(Records from a data source)
========================================

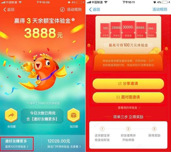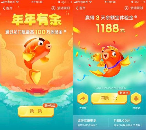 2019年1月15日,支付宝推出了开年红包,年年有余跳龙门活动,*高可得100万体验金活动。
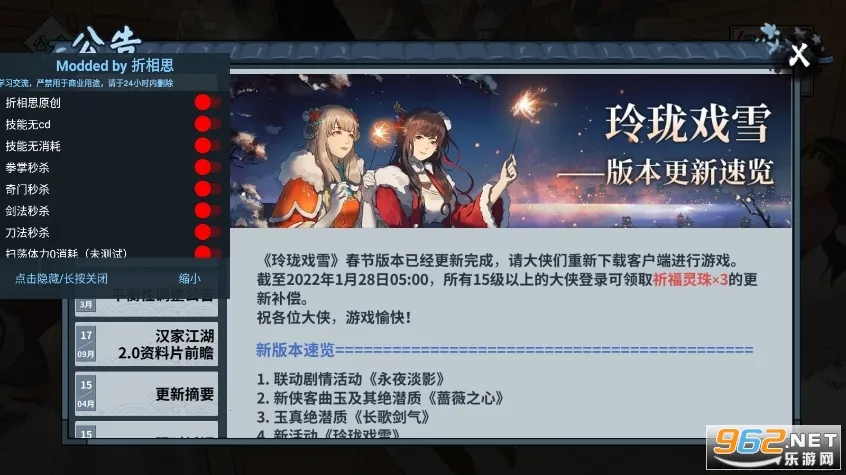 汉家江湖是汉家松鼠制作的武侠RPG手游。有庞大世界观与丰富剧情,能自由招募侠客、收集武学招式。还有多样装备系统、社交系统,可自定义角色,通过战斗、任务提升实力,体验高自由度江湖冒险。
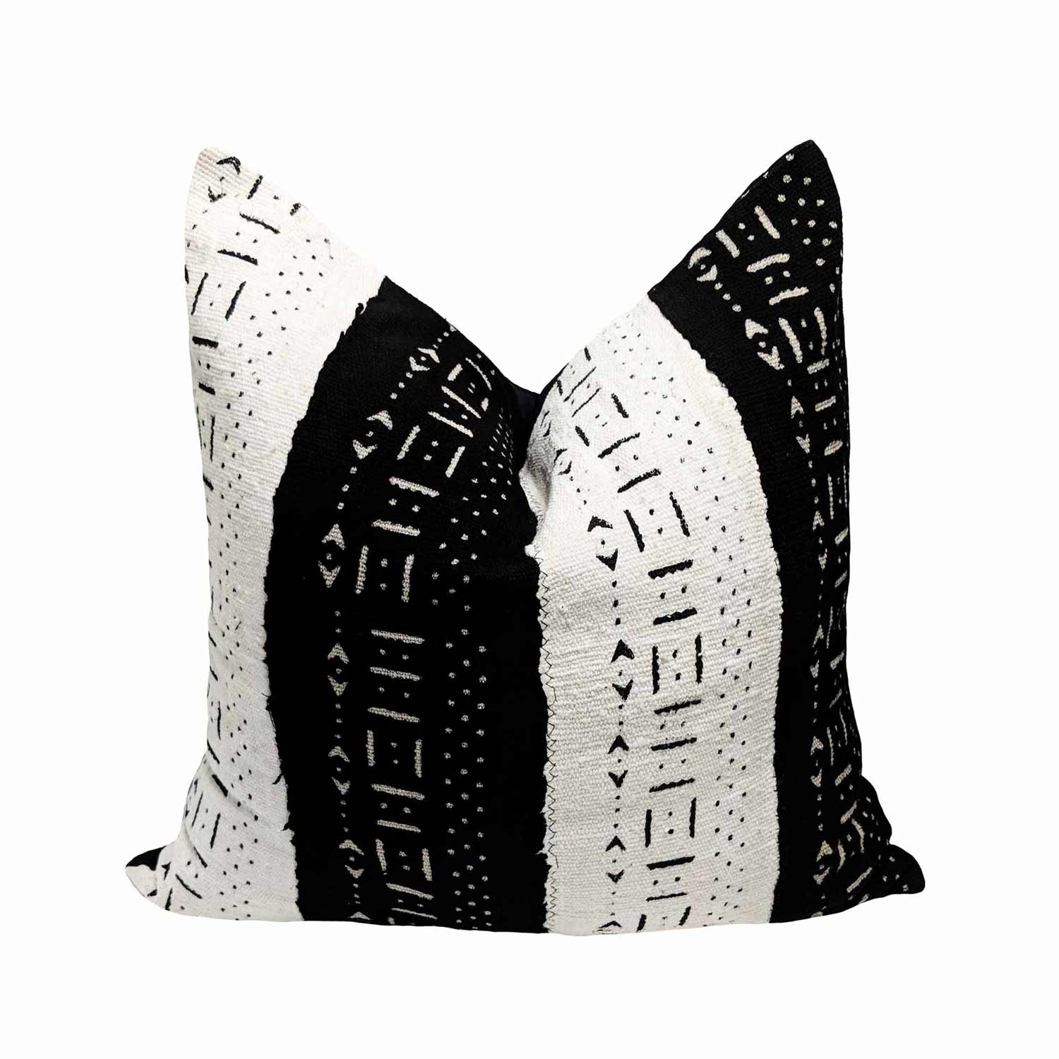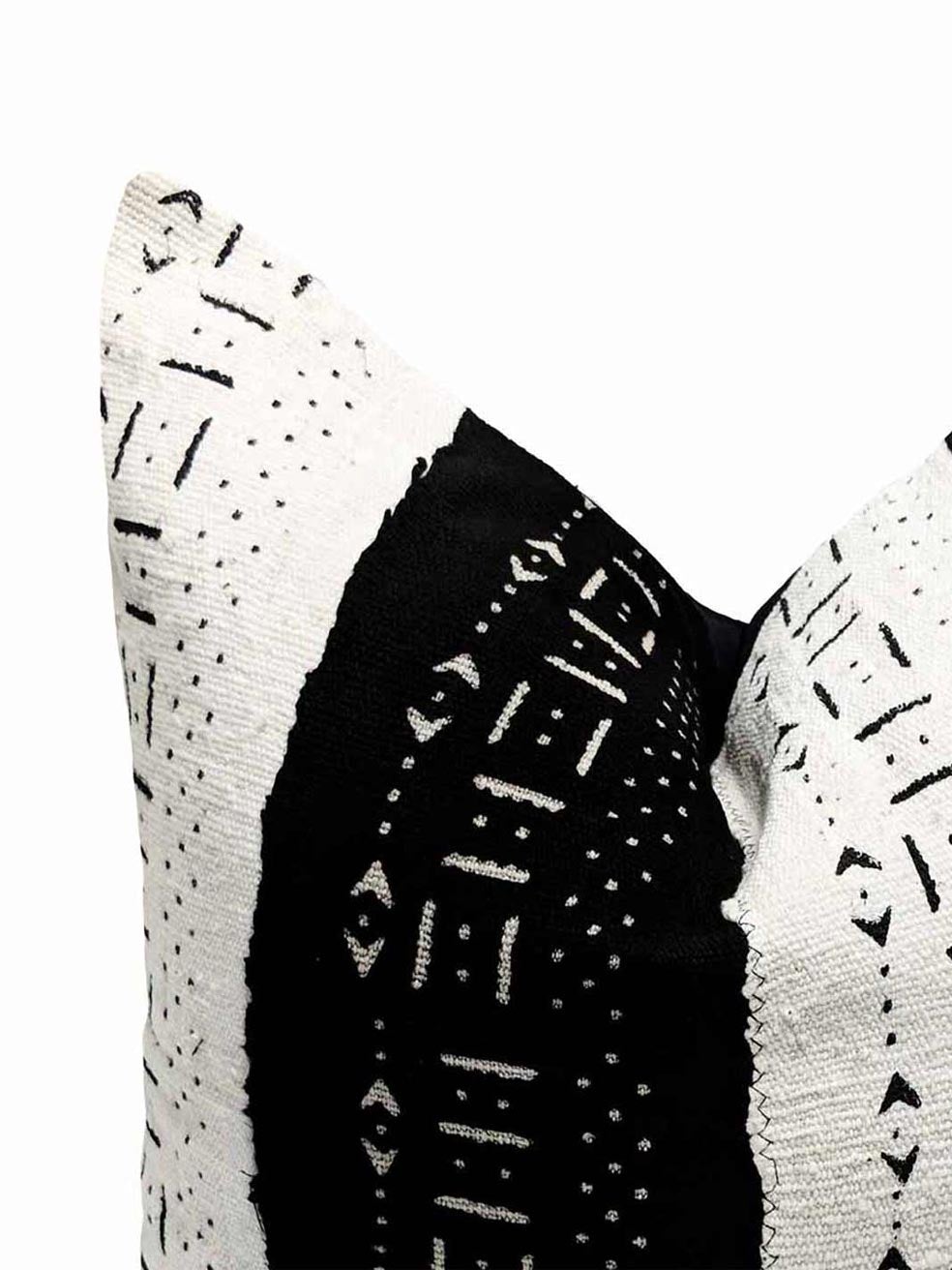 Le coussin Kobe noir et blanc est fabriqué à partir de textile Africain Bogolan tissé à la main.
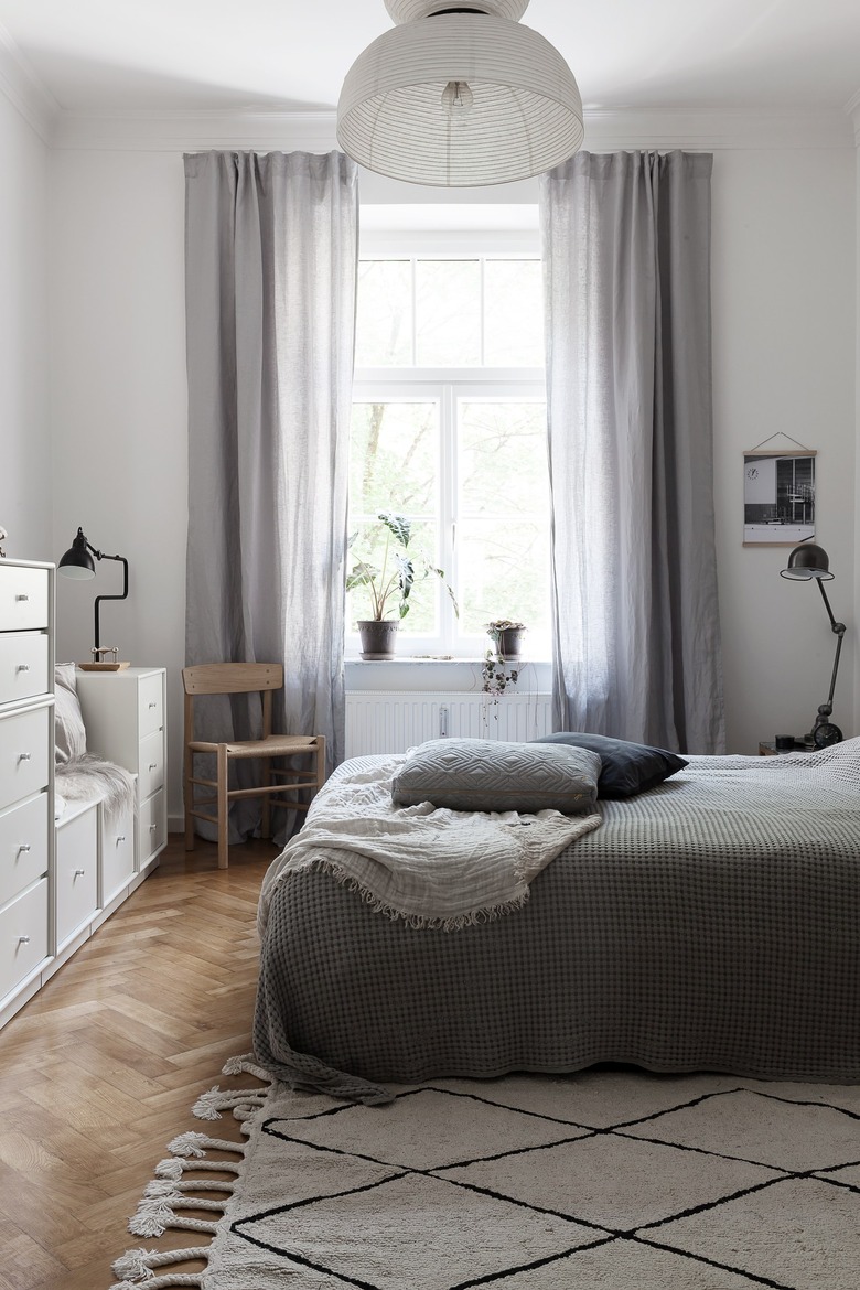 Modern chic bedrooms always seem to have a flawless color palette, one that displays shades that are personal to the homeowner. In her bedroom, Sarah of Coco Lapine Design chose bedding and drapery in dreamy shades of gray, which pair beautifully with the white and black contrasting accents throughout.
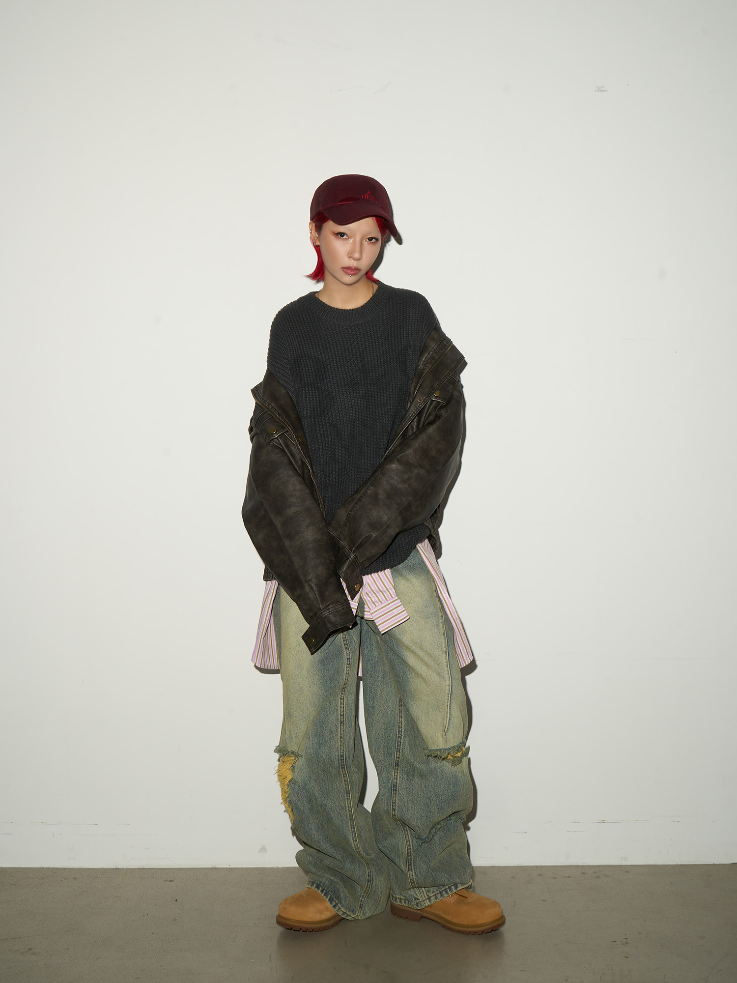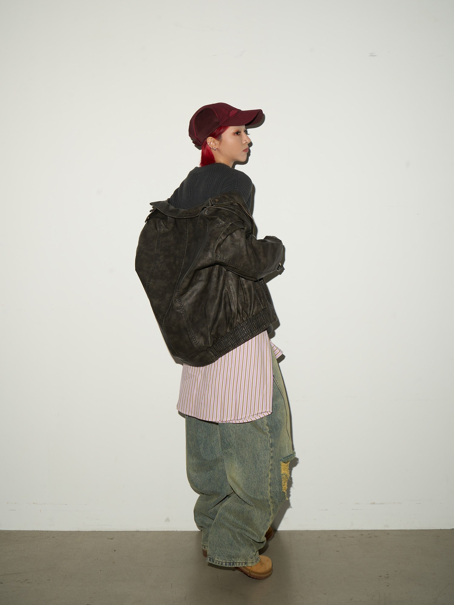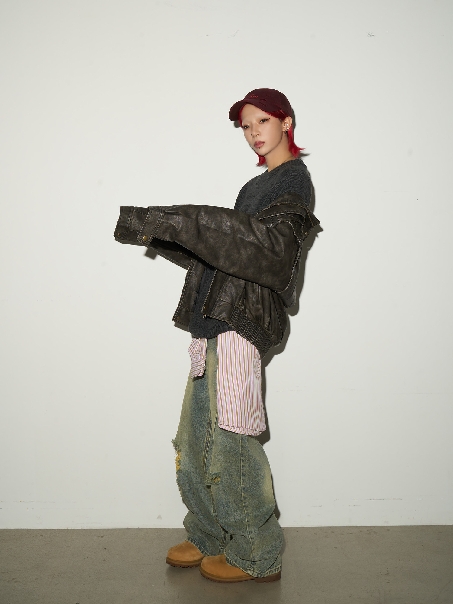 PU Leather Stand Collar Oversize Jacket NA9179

========================================

* _WHAT TO DO_: With the images left out, set down every entry exactly.

* _RESPONSE_:
 2019年1月15日,支付宝推出了开年红包,年年有余跳龙门活动,*高可得100万体验金活动。
 汉家江湖是汉家松鼠制作的武侠RPG手游。有庞大世界观与丰富剧情,能自由招募侠客、收集武学招式。还有多样装备系统、社交系统,可自定义角色,通过战斗、任务提升实力,体验高自由度江湖冒险。
 Le coussin Kobe noir et blanc est fabriqué à partir de textile Africain Bogolan tissé à la main.
 Modern chic bedrooms always seem to have a flawless color palette, one that displays shades that are personal to the homeowner. In her bedroom, Sarah of Coco Lapine Design chose bedding and drapery in dreamy shades of gray, which pair beautifully with the white and black contrasting accents throughout.
 PU Leather Stand Collar Oversize Jacket NA9179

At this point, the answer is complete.